Heroínas

8 de marzo, el Día Internacional de la Mujer Trabajadora. Es gracioso eso de ‘la mujer trabajadora’ porque parece que se premia el momento en el que ‘nos dejaron’ realizar las tareas consideradas como ‘productivas’ dentro de la filosofía de la economía capitalista, pero la realidad es que, antes de las labores productivas, realizábamos las tareas ‘reproductivas’ (el trabajo doméstico) nunca considerado ni valorado. Y no es sólo que las pocas mujeres que pudieron aventurarse a ser científicas, escritoras, filósofas, técnicas… estén absolutamente invisibilizadas, es que prácticamente ninguna figura histórica hubiera podido ser alguien si no es porque otros (generalmente otras, como la mujer o la madre) se hicieron cargo de mantener a esas personalidades singulares, a menudo insoportables en el trato.

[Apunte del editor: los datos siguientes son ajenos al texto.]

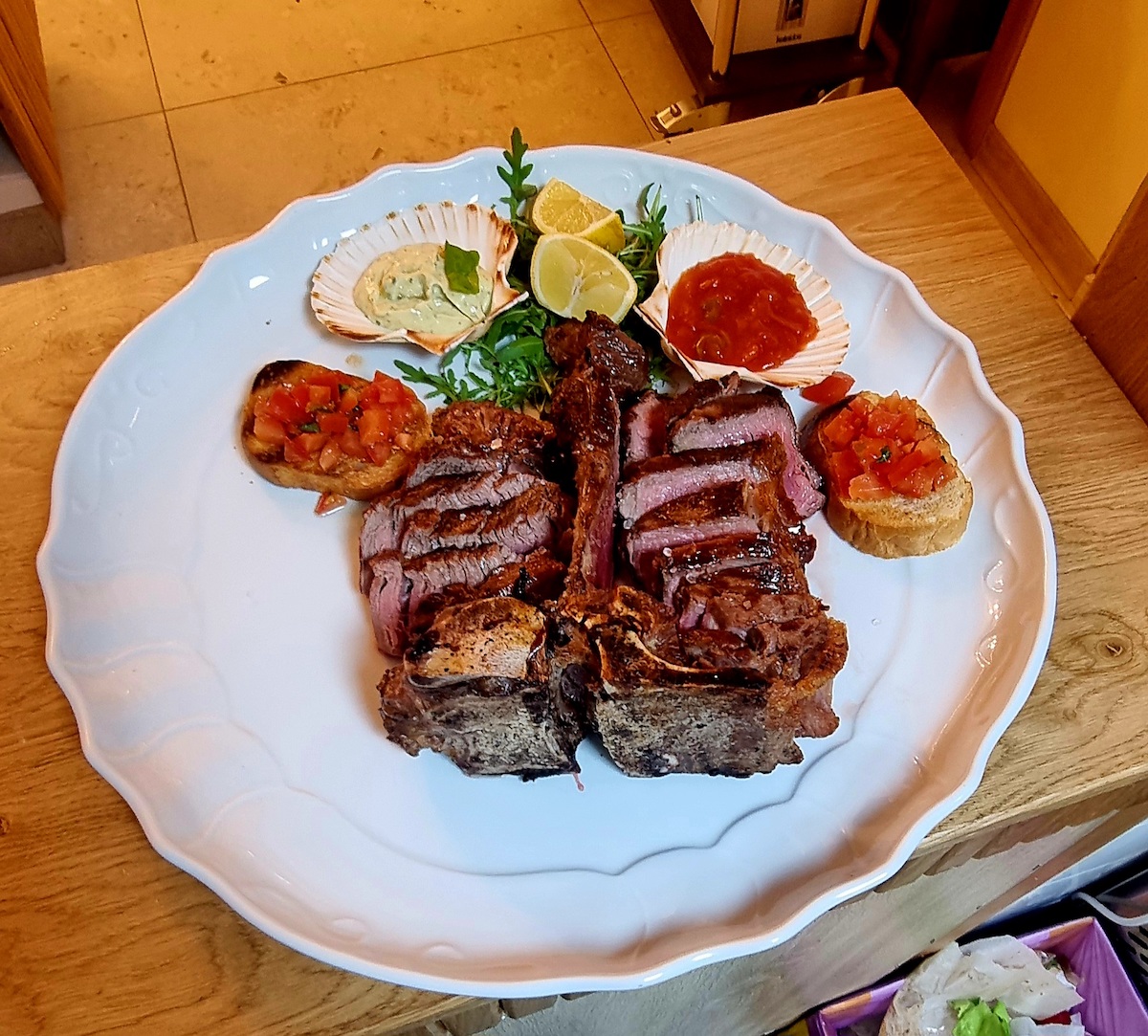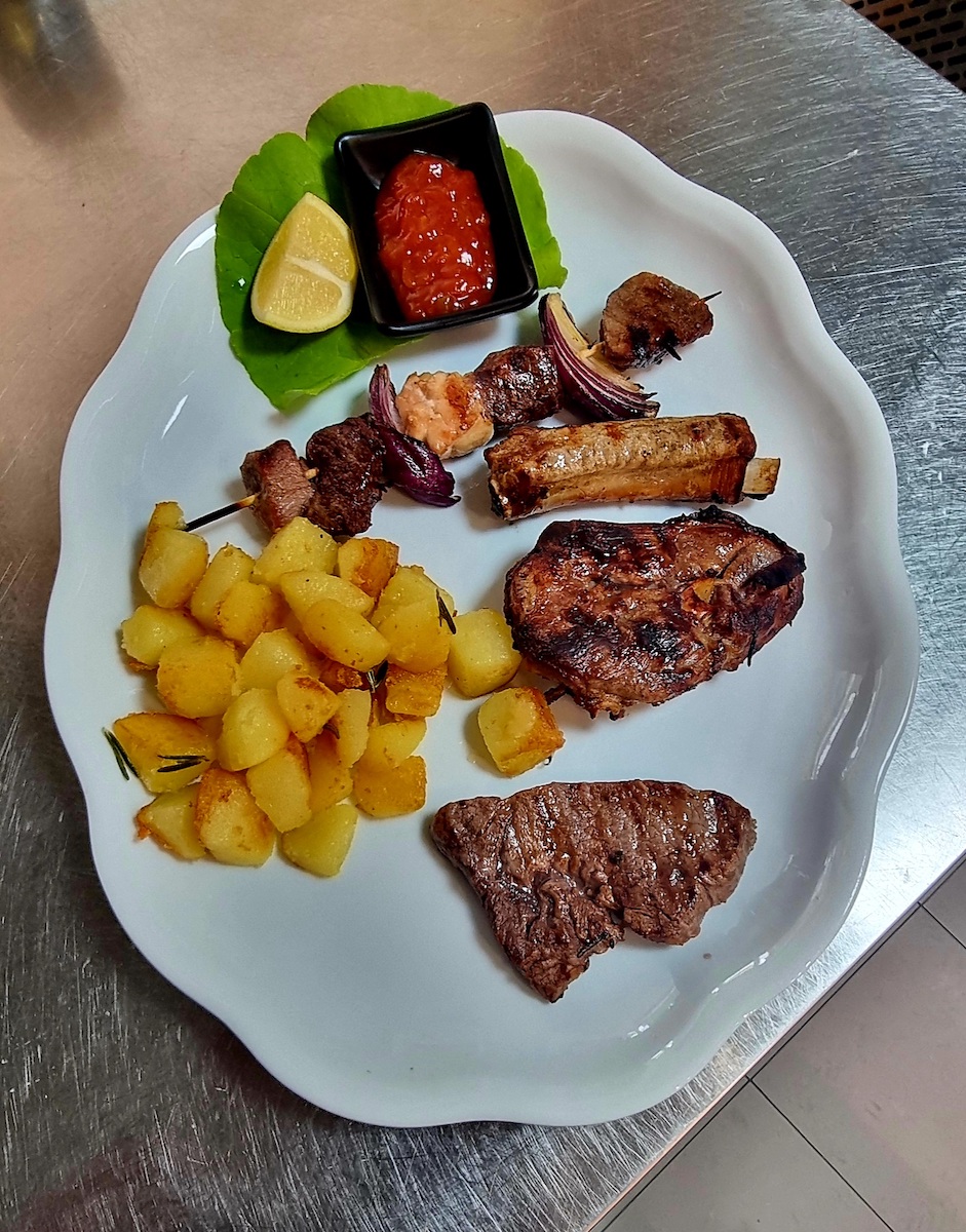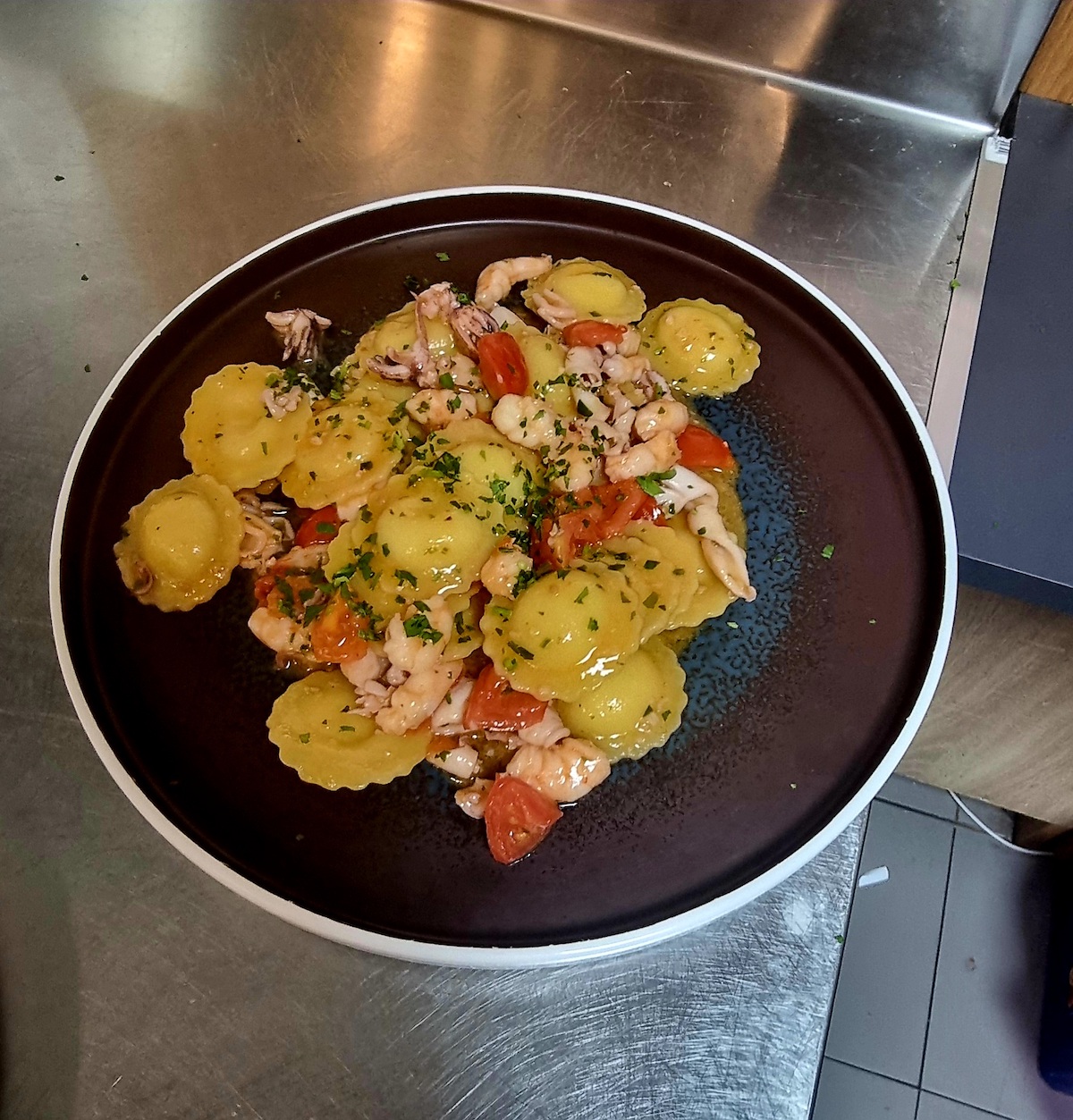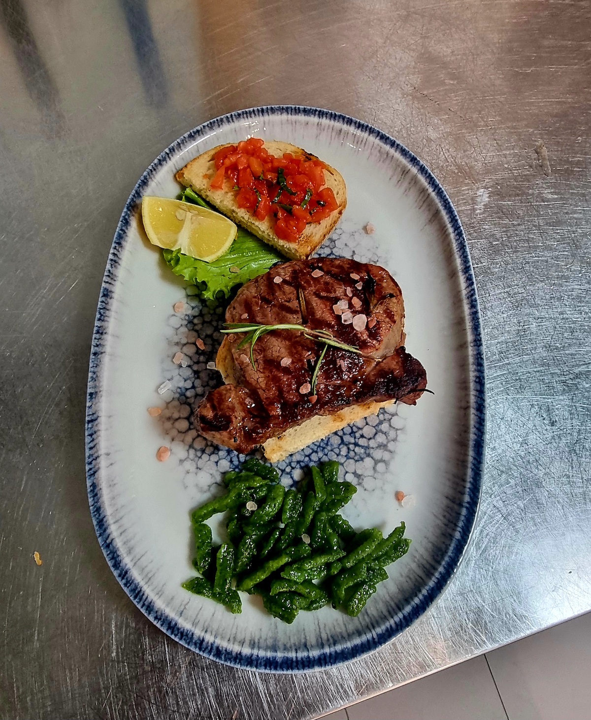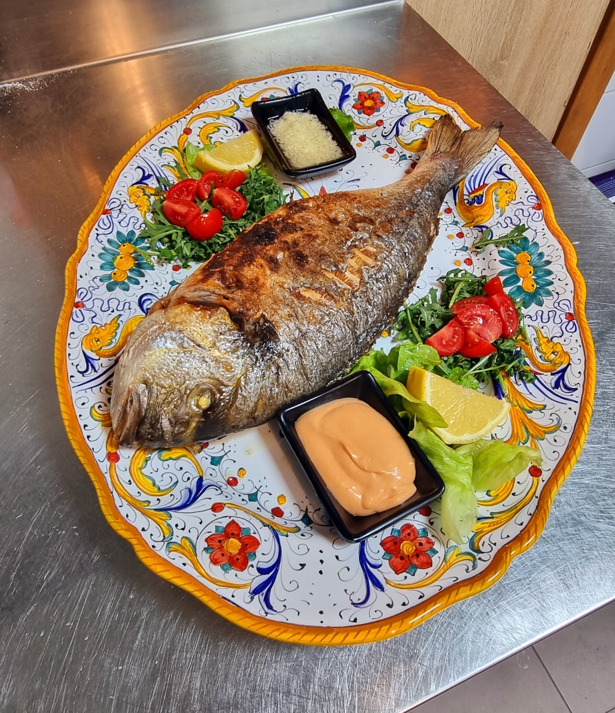 „La capitolul pește, la noi se pot mânca gustări de pește pe care nu le găsești nicăieri, pește crud, când ajunge proaspăt din Italia, pentru că nu-l avem întotdeauna. Avem paste carbonara, paste cu creveți și roșii uscate la soare, sunt foarte solicitate aici pentru că au usturoi și românilor le place. Recomandăm și spaghetti allo scoglio, un preparat de paste cu fructe de mare în care se regăsesc calamari, creveți, midii, care creează un sos armonios. Avem carne de toate felurile, la grătar, la tigaie, mușchi din Australia, din Brazilia, care se poate pregăti în orice fel vrea omul”, detaliază ei.

Mantener como cuidar. Y es que hemos sido las auténticas mecenas y promotoras de todo lo que hoy en día consideramos revolucionario, imprescindible o singular. Y no lo hemos hecho voluntariamente, por tanto, era un trabajo no remunerado, no valorado y además invisibilizado. ¡Las cosas ocurrían por arte de magia! Nada de lo que fue hecho por una mujer existió ¡hasta que fuimos trabajadoras! Pero el hecho es que al principio el trabajo público, fuera del ámbito privado de la casa, para el que éramos ‘aptas’ fue una extensión de aquellos ‘cuidados domésticos’ tan poco relevantes en el progreso de la humanidad.
– Pero habéis avanzado mucho-

Desde luego yo nací pensando que podía hacer lo que quisiera, y me revelaba a cada pequeño indicio limitante que me abordara. Pero el caso es que, a pesar de todo lo que hicieron las mujeres antes de nosotras y nosotras mismas, continúan reproduciéndose comportamientos que reprimen a las mujeres y que estoy segura de que tampoco favorecen a los hombres. Y por no extenderme mucho y contar todos los momentos de impotencia que he vivido yo (que soy una privilegiada) por ser niña/chica/mujer sólo contaré algunas cosas que creo que quizá, son representativas.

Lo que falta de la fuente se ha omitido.